Jego ukochana żona niestety popada w coraz większą obsesję. Obsesja przemienia sie w obłęd, a rajskie małżeństwo w męczeńską grę pozorów.
To absolutnie wyjątkowa pozycja. Dla każdego bez względu na wiek i płeć. Jest jednocześnie niewiarygodnie szczerą spowiedzią, jak i zawoalowaną ucieczką w ułudę. Udawaniem. Usilnym trzymaniem się myśli, że póki problem nie został wypowiedziany na głos – nie ma go. Nie musimy więc o nim rozmawiać. Unikaniem odpowiedzialności i ponoszeniem kosztów.
To historia bezgranicznie kochającego się małżeństwa, które w pewnej chwili samo zapędza się w kozi róg. Nadchodzi czas, kiedy przestaje być sielankowo, przestaje im się układać wedle własnych marzeń. Odkrywają, że jakby się nie starali życie ma dla nich inny scenariusz.

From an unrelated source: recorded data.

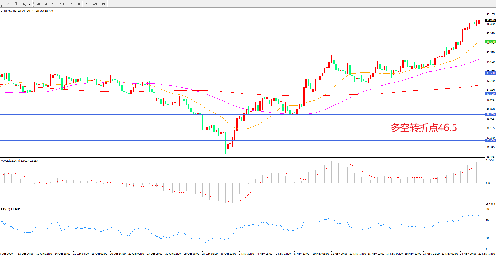 周三(11月25日),OPEC表态将会延后三个月增产,给了多头极大的信心,布伦特原油继续高歌猛进,收报48.62美元/桶。目前以沙特和俄罗斯为首的OPEC+仍倾向于将现有减产协议维持到明年一季度,与此同时,OPEC开始担心高油价下的市场份额被美国页岩油抢夺,新的举措可能会在下周举行的OPEC+部长级会议时揭晓。
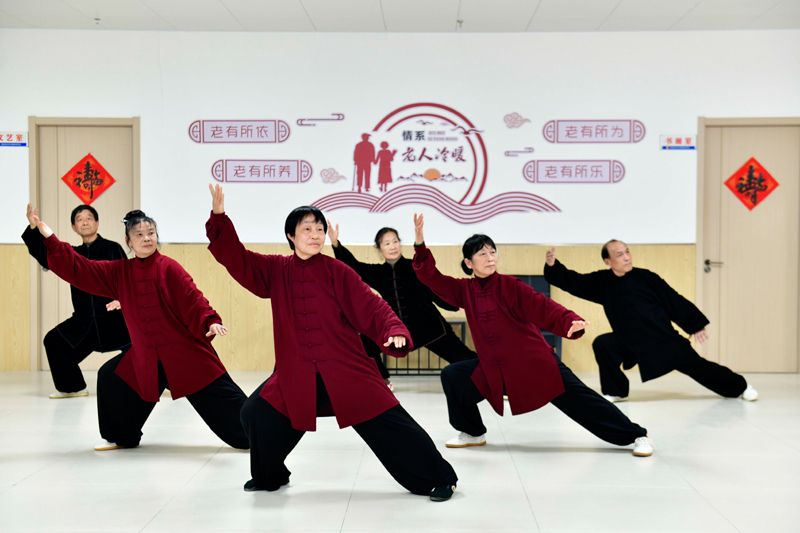 2025年3月12日,在山东省菏泽市郓城县中央悦府综合养老服务中心,老人在打太极拳。新华社记者 郭绪雷 摄
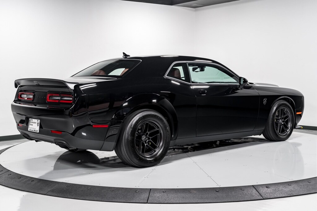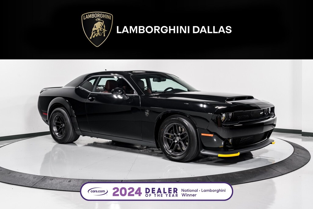 This is a smoke free Carfax certified 2023 Dodge Challenger SRT Demon 170 equipped with a 6.2L V8 Supercharged HO engine and a Torqueflite 8-speed automatic transmission. This car is an elegant Pitch Black exterior paint color and finished in a Black and Demonic Red leather interior along with Alcantara.
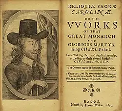 The first edition of the Reliquiae appeared in 1650 and brought all this additional material, and more, together in one publication. Three further editions were produced by 1658. Later editions of the King's Works were produced but which no longer included the words "Reliquiæ Sacræ Carolinæ" in the title.[1]
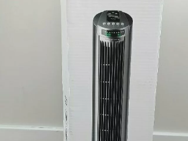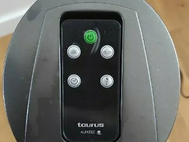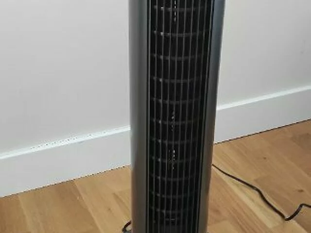 Ventilador vertical tipo torre. Alpatec de la marca Taurus. En color negro. Sólo usado un verano ya que pusimos aire acondicionado. Alguna marca o mancha propia del uso, por lo demás como nuevo. Características técnicas en foto. Con mando a distancia y manual de instrucciones. Medidas en caja. Recogida en metro Barajas.
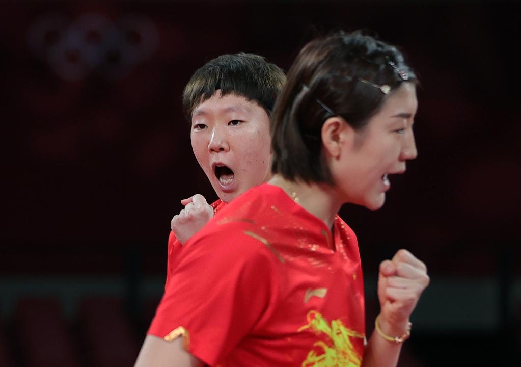 8月4日,中國隊組合陳夢/王曼昱(左)在比賽中。當(dāng)日,在東京奧運會乒乓球女子團體半決賽中,中國隊戰(zhàn)勝德國隊,晉級決賽。新華社記者 王東震 攝

Podczas gdy Quinn pogrąża się w obsesji zajścia w ciążę Graham wkłada cały wysiłek w ratowanie małżeństwa. Pokazuje ukochanej na setki sposobów, że kocha ją mimo wszystko, ale cierpienie Quinn jest zbyt duże. Zbyt zaślepiające.
Uwielbiam Colleen Hoover za bardzo wnikliwe i mądre podejście do emocji. Nie ucieka się do wzniosłych dramatów. Tworzy sytuacje bez zbędnej teatralności, zupełnie autentyczne.

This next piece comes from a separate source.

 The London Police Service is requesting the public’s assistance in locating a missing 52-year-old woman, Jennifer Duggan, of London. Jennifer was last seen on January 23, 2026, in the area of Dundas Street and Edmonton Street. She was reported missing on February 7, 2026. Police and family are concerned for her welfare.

W powieści „Wszystkie nasze obietnice” znajdziemy rozsypaną kobietę i mężczyznę, który ze wszystkich sił stara się ją pozlepiać. Jest skoncentrowany na związku, ślepo zapatrzony w ukochaną, czuły, troskliwy, mądry i cierpliwy. Ma cudowne poczucie humoru i spontaniczność. Do tego jest bardzo przystojny i namiętny. Choć jestem przekonana, że ktoś taki jak Graham (człowiek bez wad) po prostu nie istnieje, jego emocjonalność i reakcje Quinn były tak dojrzałe i doskonale opisane, że sama zaczęłam je odczuwać.

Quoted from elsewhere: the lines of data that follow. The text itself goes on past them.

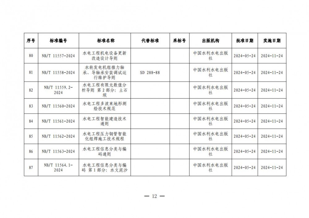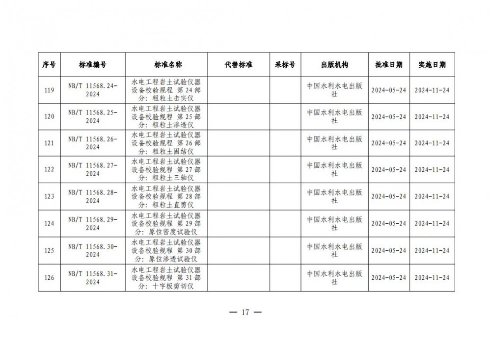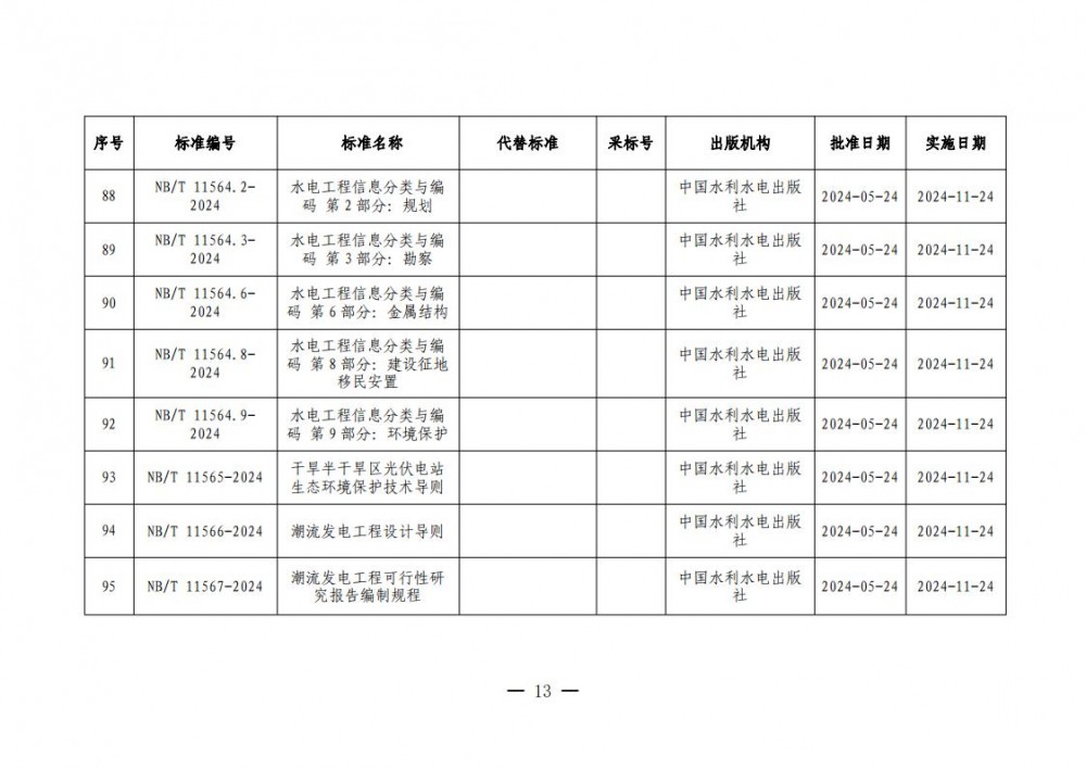 根据《中华人民共和国标准化法》《能源标准化管理办法》,国家能源局批准《直接串入式线路静止同步补偿装置》等335项能源行业标准(附件1)、《Specification for Reservoir Area Engineering Geological Investigation of Hydropower Projects》等20项能源行业标准外文版(附件2)、《水工混凝土结构设计规范》等4项能源行业标准修改通知单(附件3),现予以发布。
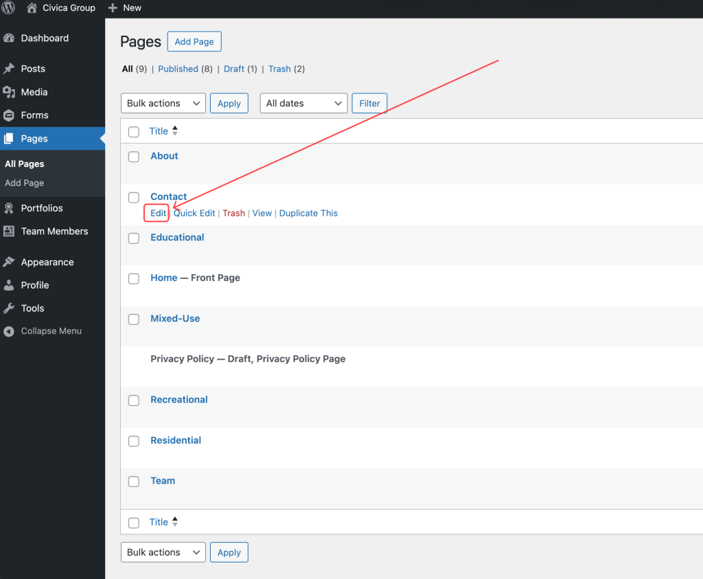 From the left-hand menu, click Pages, then hover over the Contact page and click Edit.
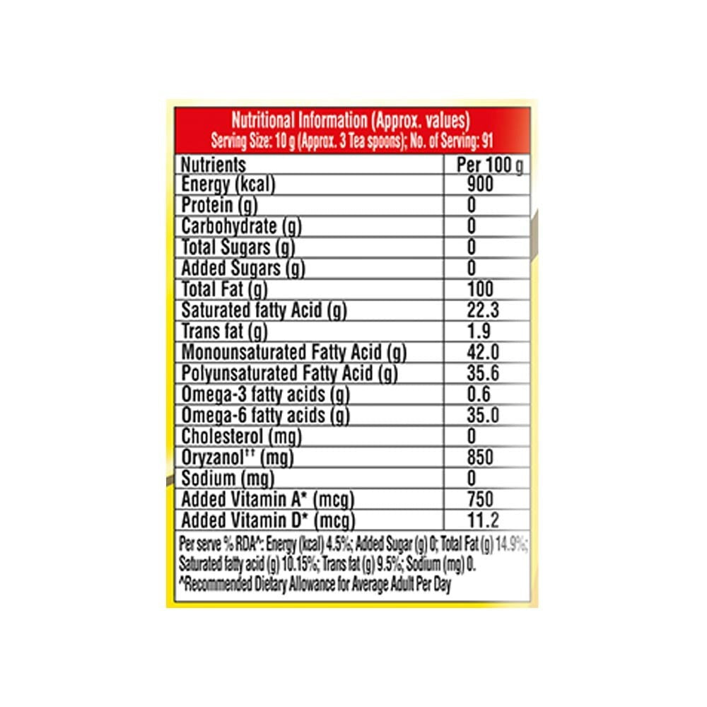 - Key Ingredients: Refined Soybean Oil, Refined Sunflower Oil, Refined Rice Bran Oil

Autorka poruszyła trudny problem. Problem ciężki do przerobienia go i, jak dobrze wiemy, do zrozumienia przez osoby postronne. Bezpłodność nie jest z jakiegoś powodu traktowana jako choroba. Z jakiejś przyczyny ludziom trudno jest zrozumieć, że pragnienie dziecka może przysłonić wszystko inne, a niemożność jego posiadania doprowadzić do depresji i rozbicia małżeństwa. Nigdy nie słyszałam, żeby ktoś pytał „Jak tam twój rak?”. Setki razy za to, również do mnie, padały pytania: „Kiedy wy w końcu będziecie mieć to dziecko? A kiedy drugie, przydało by się rodzeństwo”. Książka pięknie pokazuje co się dzieje z kobietą cierpiącą na bezpłodność, kiedy po raz kolejny słyszy takie pytanie. Jak bardzo destrukcyjnie działają ludzie pozbawieni taktu i paskudnie ciekawscy czyjejś prywatności.
Autorka wśród niewielkiej ilości stron zawarła esencję problemów i emocji związanych z kryzysem w kochającym się małżeństwie. Dwutorowa fabuła bardzo obrazowo pokazuje nam chwile, w których bohaterowie dopiero się w sobie zakochują, szczęście pierwszych wspólnych miesięcy i to, co nieziszczone marzenie i zrutynowana codzienność zrobiły z ich szczerością i zaufaniem.
Delikatny minus dla mnogości scen łóżkowych. Choć były bardzo dobre, bardzo sensualne i wyważone przycięłabym je na rzecz innych wątków, choćby medycznych.
Podsumowując:
Książka wywarła na mnie bardzo duże wrażenie, mocno poruszyła i kilka razy wzruszyła. Czułam rozpacz Quinn i bezradność niepoddającego się Grahama. Czułam, że mimo iż nadal nie potrafią bez siebie żyć z każda chwilą oddalają się od siebie. To piękna historia o sile miłości i o walce o marzenia. Przykład tego, że w życiu nie zawsze dostajemy to, czego sobie życzymy i mimo to musimy dalej walczyć o szczęście.
Serdecznie polecam!
Moja ocena: 9/10
„Niezależnie od tego, jak bardzo się kogoś kocha, rozmiar tej miłości jest nieistotny, jeśli na drodze staje jej niezdolność przebaczania”.